Шрифт:
Интервал:
Закладка:
— Мы думаем, что этот мир вывихнут из сустава и что с окончанием Великой войны реальность потеряла свое постыдное равновесие. Парапсихология в новом мире заменит психологию; оккультизм займет место физики; паранойя затмит здравый разум, а семья уступит место ордам и сектам. Но нам все равно. Работы для нас и так будет выше крыши. К тому же некоторые мюнхенские теософы поругаются с лейпцигскими, мы зазнаемся, как те покойные довоенные немецкие оперные певцы. Как бы там ни было, мы все вместе будем работать над искажением земного шара и разрушением той толики разума, которая останется в головах людей после этой войны. Ура! Ад — это наше настоящее, поэтому наше будущее в нем мы принимаем абсолютно равнодушно. Ваши: Франц Хартман («Грязный Франц», ложно объявленный мертвым) и его магистр Хуго Форлат из Мюнхена, а вместе с ними и Карл Брандлер-Прахт из кабинета, устроенного в сатанинском погребе Фауста в Лейпциге.
— Я Арчибальд Райс, и я все еще надеюсь, что новый мир будет справедливее старого, хотя и не знаю, что еще держит меня при таком мнении, если как криминолог я видел, что ничего в человеке не изменилось ни внешне, ни внутренне, какому бы усилию или смертельной опасности мы его ни подвергали…
ЭПИЛОГ
И сны снов
Недавно в находящийся почти на границе между Германией и Нидерландами санаторий, куда помещают павших духом и доведенных до крайнего нервного истощения людей, прибыл очень важный пациент. Происходило что-то необычное, если судить по черным автомобилям с огромными ветровыми стеклами. В странной тишине они подъехали по обсыпанной гравием дороге и остановились прямо у входа в огромное мрачное здание с двумя флигелями, заросшими бугенвиллеей и плющом. Из машин вышли солдаты в форме — странная компания, больше походящая на комедиантов, чем на телохранителей: не перекинувшись ни словом, они начали сгибаться в талии, вставать на цыпочки и прикрывать ладонью глаза, чтобы, глядя прямо на заходящее солнце, рассмотреть что-то вдали.
За этими нервными солдатами наблюдали люди, павшие духом и доведенные до крайнего нервного истощения. Они не знали, как объяснить присутствие солдат в этом спокойном, комфортном санатории, который почти не затронула война, потому что здесь лечились богатые пациенты. Даже если бы и забрел сюда какой-нибудь участник Великой войны, то отнюдь не обычный солдат с передовой, отравленный бертолитом или страдающий невыносимыми головными болями после пули, недавно извлеченной из его безумной армейской головы. Нет, в этом санатории лечили настоящих пациентов вместе с мнимыми, и небольшой врачебный коллектив, в полном составе проживавший здесь же, серьезно относился и к тем и к другим, потому что все жильцы этого дома отдыха на зеленом холме были чем-то значимым, а любой их невроз или психоз — чем-то особенным.
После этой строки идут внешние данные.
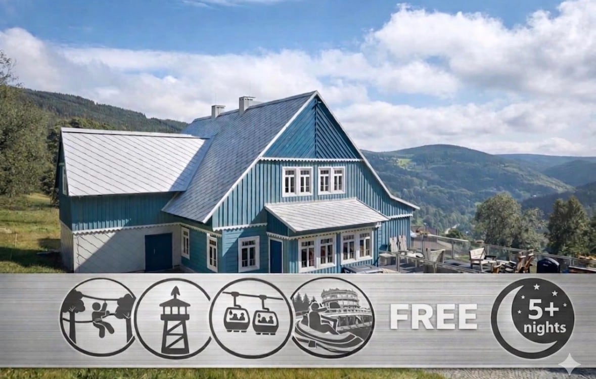 Наша хата пропонує розкішне розміщення як для вимогливих клієнтів, так і для сімей із дітьми. Вона розташована в тихому місці в оточенні зелені в Крконошах, за 1 км від Високого над Їзерою, де є гірськолижний курорт Шахти. Поруч можна покататися на лижах у Яблонці-над-Йизерою, Пасеках-над-Йизерою.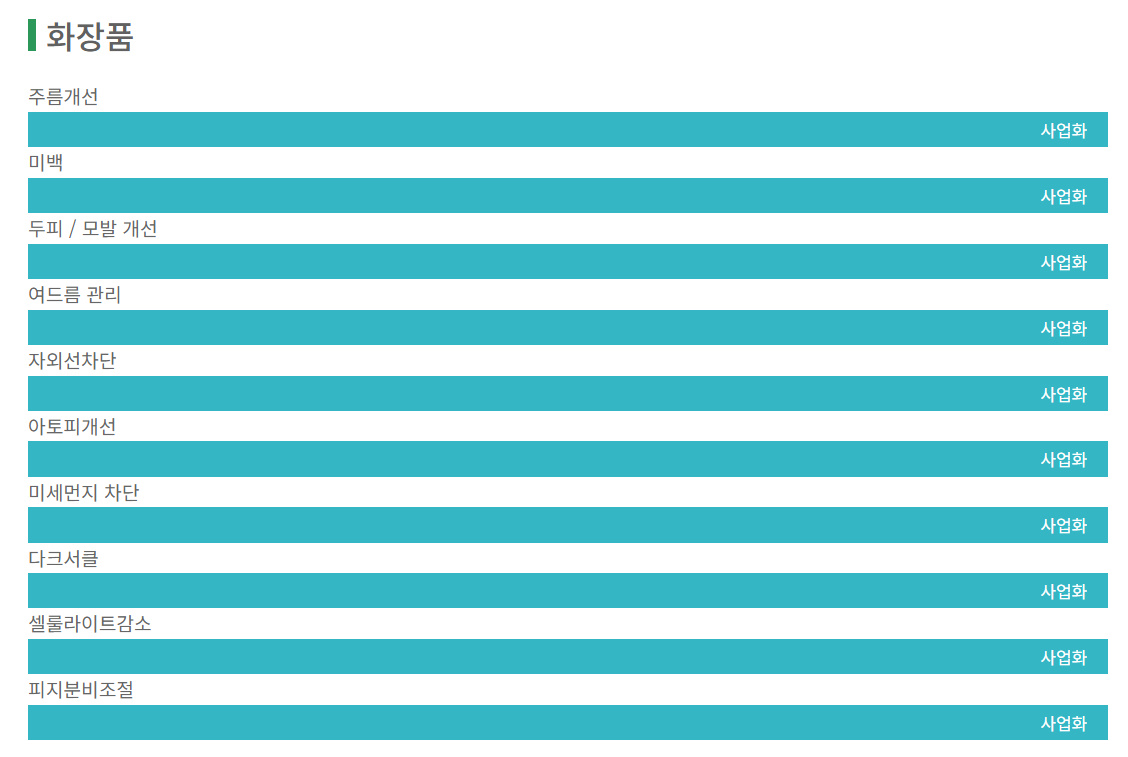 주름개선, 미백, 두피, 모발개선, 여드름관리, 자외선차단, 아토피개선, 다크서클 등 사업화하고 있다고 나와있다.

У каждого пациента была своя медицинская карта, свой врач, своя одноместная палата и своя медсестра, которая, казалось, заботилась только о нем. И все это избранное общество павших духом и доведенных до нервного истощения людей сразу осознало, что в их санаторий прибывает кто-то особенный, даже в сравнении с ними. О необычном госте заговорили и те, кто чаще молчит, и те, кто лишь изредка бормочет себе под нос, и те, кто каждый день произносит пламенные речи… Пациент прибыл. Прошло три дня с тех пор, как загадочные солдаты осматривали здание и окрестности, будто тренировались, а в санаторий — как твердили все — прибыл император Вильгельм собственной персоной. Лишь немногие в этом сомневались, да и то недолго, а поскольку вновь прибывшего никто не видел, невозможно было ни подтвердить, ни опровергнуть его приезд.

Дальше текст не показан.